Re: RFC: A brief guide to nulls

From

Josh Berkus

Date:

15 January 2003, 15:37:28

Richard,

Thanks for writing this!  Would it be cool if we included it in the Linux
Weekly News?   I'll ask Robert.

Two edits:

On Wednesday 15 January 2003 09:23, dev@archonet.com wrote:
> There have been a few posts recently where people have had problems with
> nulls. Anyone got comments on the below before I submit it to techdocs?
>
> TIA
>
> - Richard Huxton
>
> A Brief Guide to NULLs
> ======================
>
> What is a null?
> ===============
> A null is *not* an empty string.
> A null is *not* a value.
> A null is *not* a "special" value.
> A null is the absence of a value.
>
>
> What do nulls mean?
> ===================
> Well, they *should* mean one of two things:
> 1. There is no applicable value
> 2. There is a value but it is unknown
>
> Example 1: Imagine you have a customer table with name and sex fields.
> If you get a new customer "ACME Widgets Ltd", the sex field is meaningless
> since your customer is a company (case 1).
> If you get a new customer "Jackie Smith" they might be male or female, but
> you might not know (case 2).
>
> Example 2: You have an address table with (street,city,county,postalcode)
> fields.
> You might insert an address ("10 Downing Street","London",Null,"WC1 1AA")
> since you don't have a valid county.
> You might also insert an address ("1 Any Street","Maidstone","Kent",Null)
> where there *must be* a valid postalcode, but you don't know what it is.
>
> It might be useful to be able to distinguish between these two cases - not
> applicable and unknown, but there is only one option "Null" available to
> us, so we can't.
>
>
> How do nulls work?
> ==================
> There is one very important rule when dealing with nulls. The result of
> any operation or comparison, when applied to a null is null. The only
> exception is testing if a value is null.
>
> Example: with the customer table above you could run the following queries:
>   SELECT * FROM customer WHERE sex='M';
>   SELECT * FROM customer WHERE sex<>'M';
> Now you might think this returns all customers, but it will miss those
> where sex is null. You've asked for all rows where the value of sex is 'M'
> and all those with values not equal to 'M' but not rows with *no value at
> all*
>
> It might help to think of a database as a set of statements you *know* to
> be true. A null indicates that you *cannot say anything at all* about that
> field. You can't say what it is, you can't say what it isn't, you can only
> say there is some information missing.
>
> So, to see all the customers with unknown or inapplicable sex you would
need:
>   SELECT * FROM customer WHERE sex IS NULL;

** MOVE the above paragraph ....

>
> There are actually three possible results for a test in SQL - True (the
> test passed), False (the test failed) and Null (you tested against a
> null). A result of null usually gets treated as False, so testing against
> nulls always fails.
>
> If you try to perform an operation on nulls, again the result is always
> null. So the results of all of the following are null:
>   SELECT 'abc' || null;
>   SELECT 1 + null;
>   SELECT sqrt(null::numeric);
> The first case can be especially confusing. Concatenating a null string to
> a string value will return null, not the original value.

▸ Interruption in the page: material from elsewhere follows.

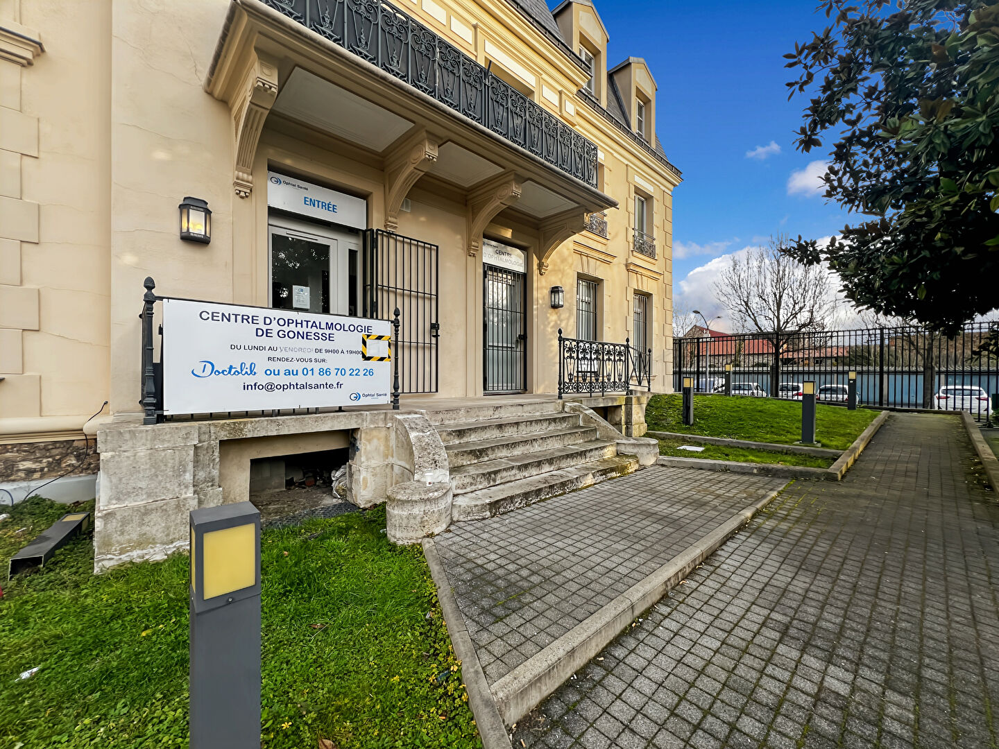 SPECIAL INVESTISSEUR A VENDRE LOCAL PROFESSIONNEL OCCUPE PAR CABINET D'OPHTALMOLOGIE-CENTRE VILLE DE GONESSE C?UR DE VILLE FACE A LA MAIRIE DE GONESSE Saintville Habitat vous propose en exclusivité ce local professionnel d'environ 220m2, situé au rez-de-chaussée d'une Résidence privée, et loué par un cabinet d'ophtalmologie (Ophtal Santé) depuis décembre 2020, emplacement premium en plein centre-ville de GONESSE, face à la mairie. L'immeuble a été réhabilité en 2018. Le local a entièrement été refait par les locataires, prestations récentes, climatisation réversible, équipements récents, accès PMR conforme aux normes. Il comprend au rez-de-chaussée une entrée, des WC, un accueil, trois salles d'attentes, plusieurs box médicaux, bureau/archives, 2 salles d'eau avec WC, au sous-sol accessible du rez-de-chaussée ainsi que par l'extérieur, bureaux, salle de repos, cuisine, salle de repas/réunion, salle d'eau + WC, local archive, cave. Stationnement : -4 places de parking privées (2 devant le cabinet + 2 dans la résidence) -Parking communal réservé aux médecins et à leur patientèle juste devant le cabinet Double accès : -Entrée clientèle à l'avant -Accès personnel à l'arrière de la résidence Investissement sécurisé avec locataire médical en place depuis décembre 2020, activité stable et recherchée, visibilité locative de longue durée et stabilité des revenus. Aspects financiers : -Loyer mensuel : 4198,60 euros / HC, non soumis à TVA -Loyer annuel : 50 383,20 euros / HC -Révision du loyer annuel : loyer révisé tous les ans -Taxe foncière annuelle: 3865 euros (dont 531 euros à la charge du locataire en remboursement de la taxe d'ordures ménagères ) -Charges de copropriété annuelles : 4667 euros dont 3120 euros remboursés par le locataire en plus du loyer -Reste à charge bailleur en terme de charges annuelles de copropriété : 1547 euros -Revenus locatifs annuels : 50 383,20 euros HC Copropriété de 30 lots - dont 9 lots habitation. Charges annuelles : 4667 euros.

** ... down to here, and define the IS NULL and IS NOT NULL operators for the
reader.

>
> Uniqueness and nulls
> ====================
> If you define a unique index on a column it prevents you inserting two
> values that are the same. It does not prevent you inserting as many nulls
> as you like. How could it, you don't have a value so it can't be the same
> as any other.
>
> Example: We create a table "ta" with a unique constraint on column "b"
>   CREATE TABLE ta (
>     a int4,
>     b varchar(3),
>     PRIMARY KEY (a)
>   );
>   CREATE UNIQUE INDEX ta_b_idx ON ta (b);
>   INSERT INTO ta VALUES (1,'aaa');  -- succeeds
>   INSERT INTO ta VALUES (2,'bbb');  -- succeeds
>   INSERT INTO ta VALUES (3,null);   -- succeeds
>   INSERT INTO ta VALUES (4,'bbb');  -- fails
>   INSERT INTO ta VALUES (5,null);   -- succeeds!
>
> Given the definition of what a null is, you only have two choices: allow
> multiple nulls or allow no nulls. If you want no nulls, define the column
> as NOT NULL when creating the table.
>
>
> Keys and nulls
> ==============
> No column that is part of a primary key can be null. When you define a
> PRIMARY KEY, none of the columns mentioned can take a null value.
> Postgresql makes sure of this by defining the columns as NOT NULL for you.
>
> Example: With table "ta" we just created, \d ta will show column a as
> being not null. Otherwise, we could insert rows with a set to null and
> have no way to tell them apart.
>
>
> Subqueries and nulls
> ====================
> Since tests always fail when testing against nulls you can have unexpected
> results with sub-queries.
>
> Example: Assume we have a companies table and a diary table. Diary entries
> are usually related to a particular company but not always.
>   SELECT co_name FROM companies WHERE co_id NOT IN (SELECT dy_company FROM
> diary);
> If any row in diary contains a null dy_company then you will get *no
> results*.
> We can expand the query like so:
>   WHERE co_id NOT IN (SELECT dy_company FROM diary)
>   WHERE co_id NOT IN (1, 2, null, 3...)
>   WHERE NOT (co_id=1 OR co_id=2 OR co_id=null OR co_id=3...)
>   WHERE NOT (... OR null OR ...)
>   WHERE NOT (null)
>   WHERE null

I'd suggest that you do not want to give readers an example that contains NOT
IN (subselect).   There are almost no cricumstances under which a user would
choose NOT IN (subselect) over WHERE NOT EXISTS (subselect), and giving it in
an example will just confuse newbies.

> You either need to explicitly check for null values, or define the column
> in question as NOT NULL.
>
>
> Further Information
> ===================
> Any good relational database book (try something written by Date)
> Bruce's book (link LHS at http://techdocs.postgresql.org)
> My Postgresql Notes (link at http://techdocs.postgresql.org)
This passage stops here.